Prompt
Leaving out the pictures, retype the lines from the top of the listing through the line with "Balança para 5" exactly.
(Supplied records)
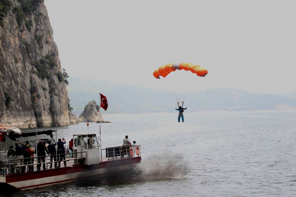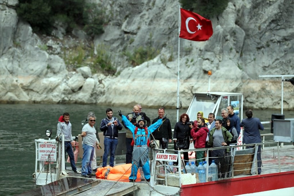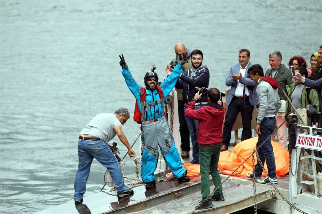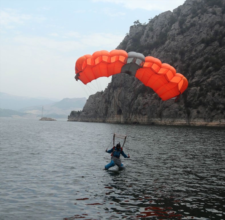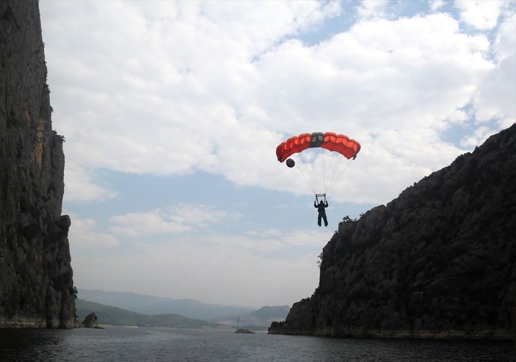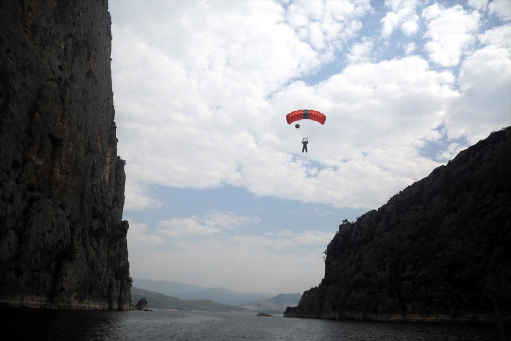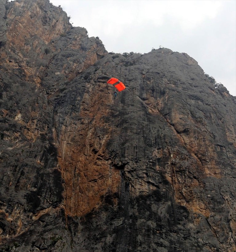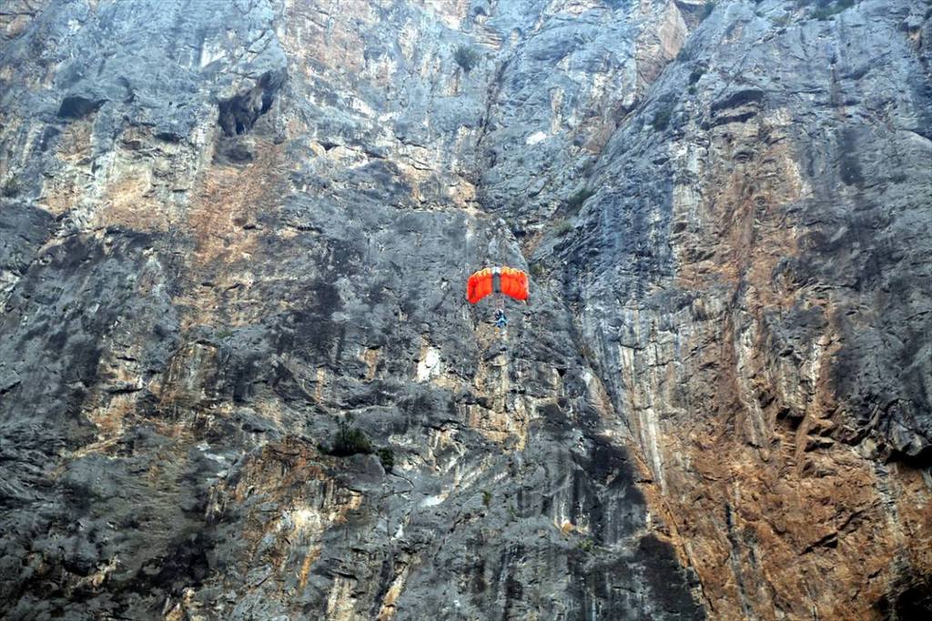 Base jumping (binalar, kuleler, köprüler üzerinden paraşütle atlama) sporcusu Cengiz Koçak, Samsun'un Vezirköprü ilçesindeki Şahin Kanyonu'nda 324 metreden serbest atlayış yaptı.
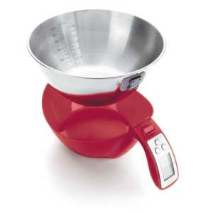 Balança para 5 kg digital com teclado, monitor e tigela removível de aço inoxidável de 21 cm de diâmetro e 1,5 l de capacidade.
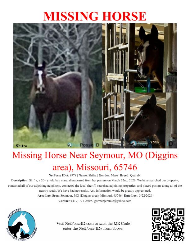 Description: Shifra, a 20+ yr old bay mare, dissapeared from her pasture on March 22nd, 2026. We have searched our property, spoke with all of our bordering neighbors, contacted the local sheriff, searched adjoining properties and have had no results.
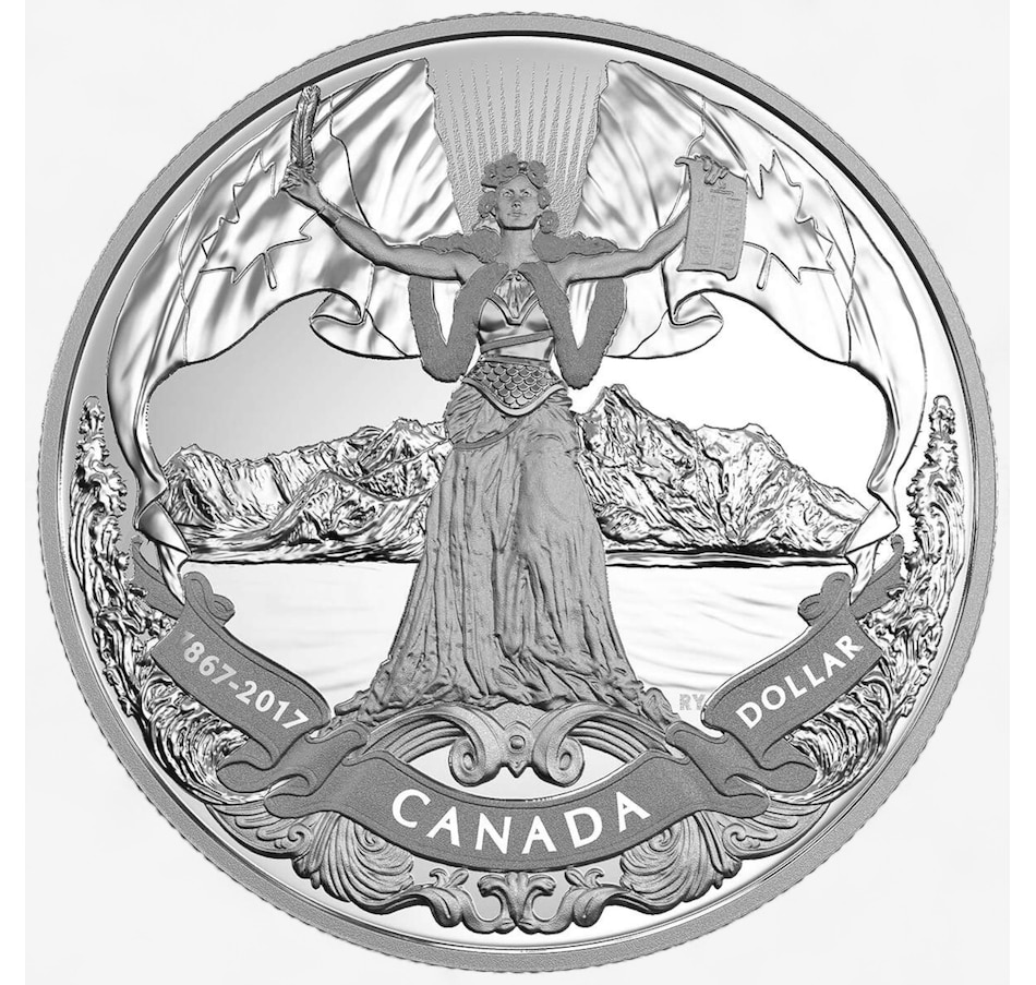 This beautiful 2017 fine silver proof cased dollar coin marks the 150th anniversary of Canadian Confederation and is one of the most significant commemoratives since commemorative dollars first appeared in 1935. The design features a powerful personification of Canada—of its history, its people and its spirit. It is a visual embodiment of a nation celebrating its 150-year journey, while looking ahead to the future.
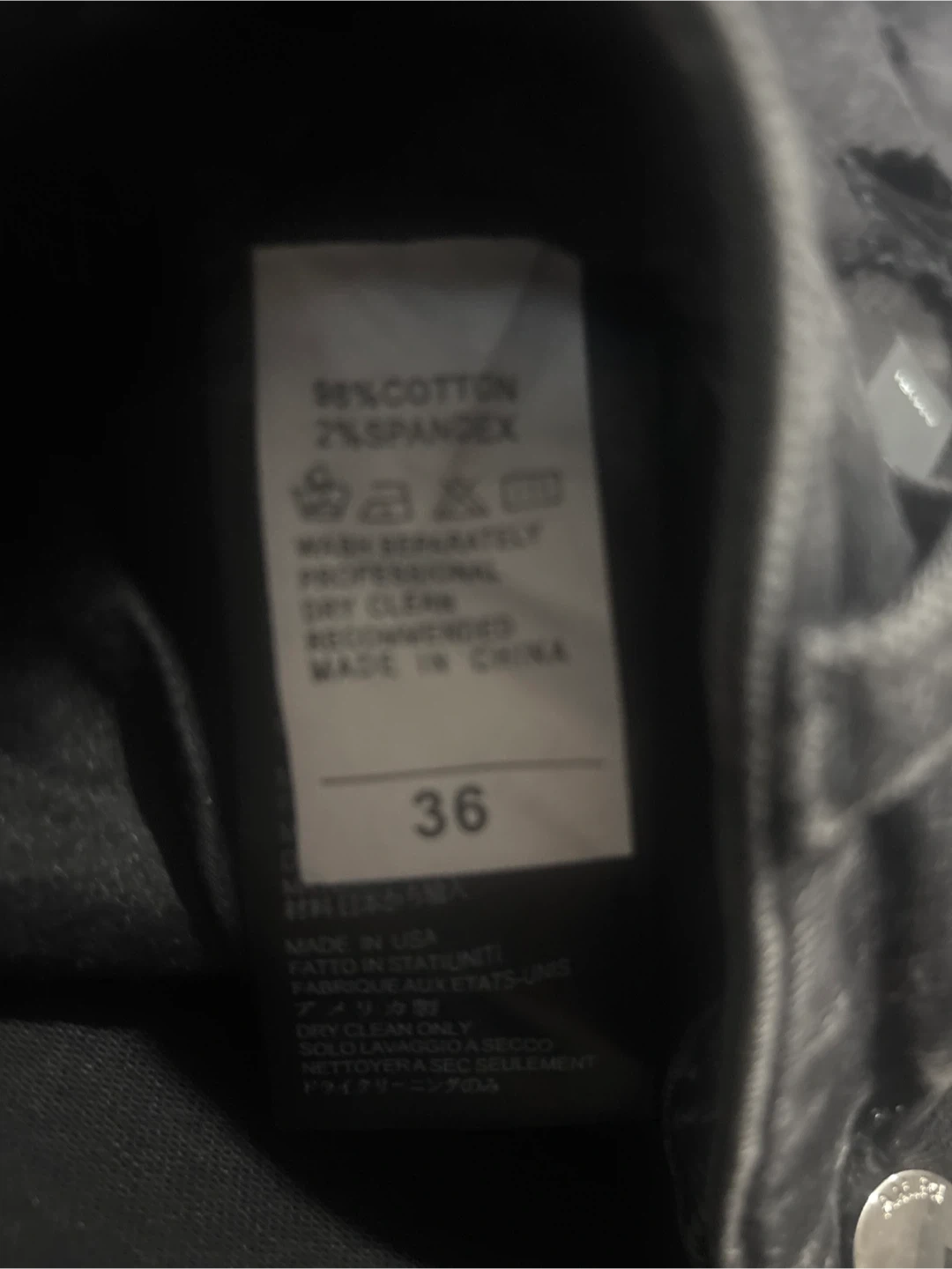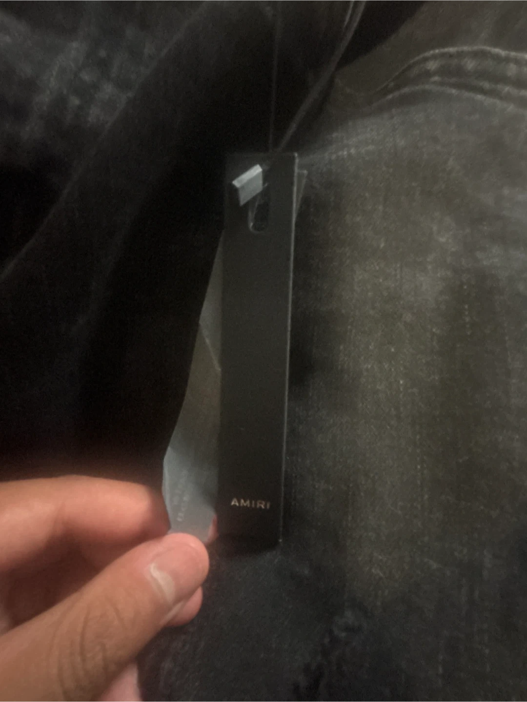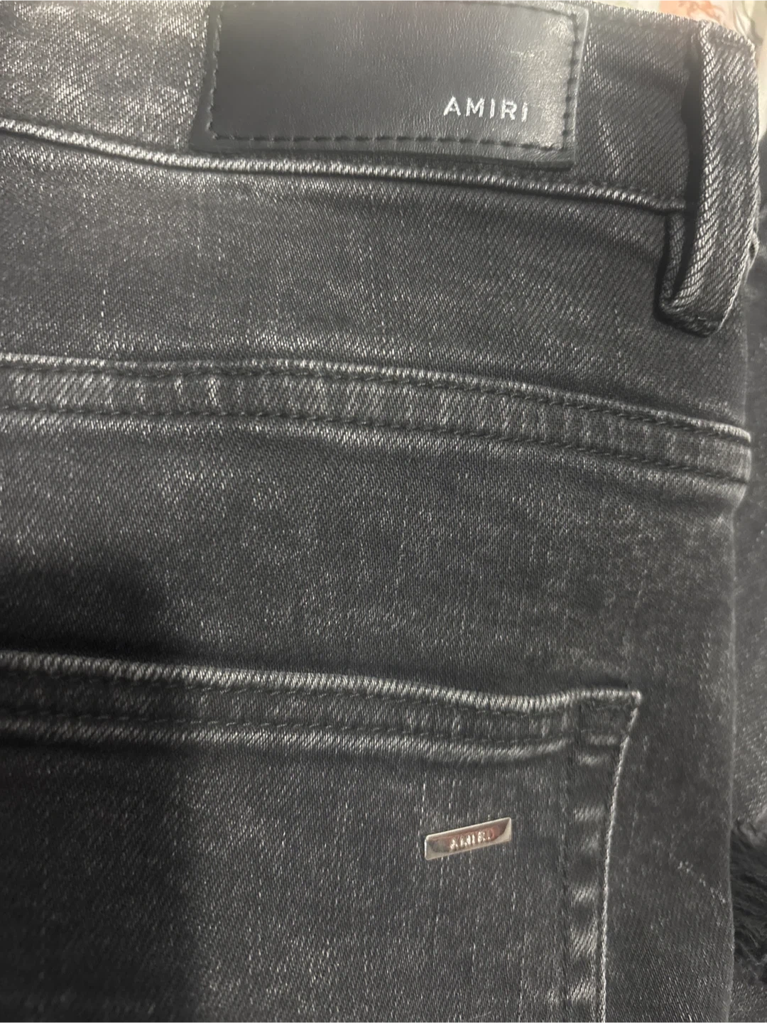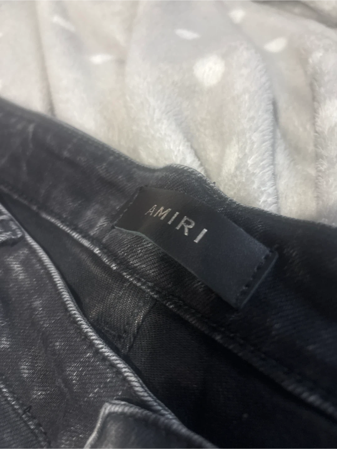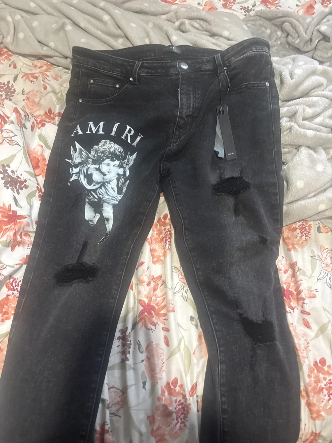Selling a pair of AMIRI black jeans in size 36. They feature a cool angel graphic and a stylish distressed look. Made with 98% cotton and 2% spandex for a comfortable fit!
(End Supplied records)
Your solution
 Base jumping (binalar, kuleler, köprüler üzerinden paraşütle atlama) sporcusu Cengiz Koçak, Samsun'un Vezirköprü ilçesindeki Şahin Kanyonu'nda 324 metreden serbest atlayış yaptı.
 Balança para 5 kg digital com teclado, monitor e tigela removível de aço inoxidável de 21 cm de diâmetro e 1,5 l de capacidade.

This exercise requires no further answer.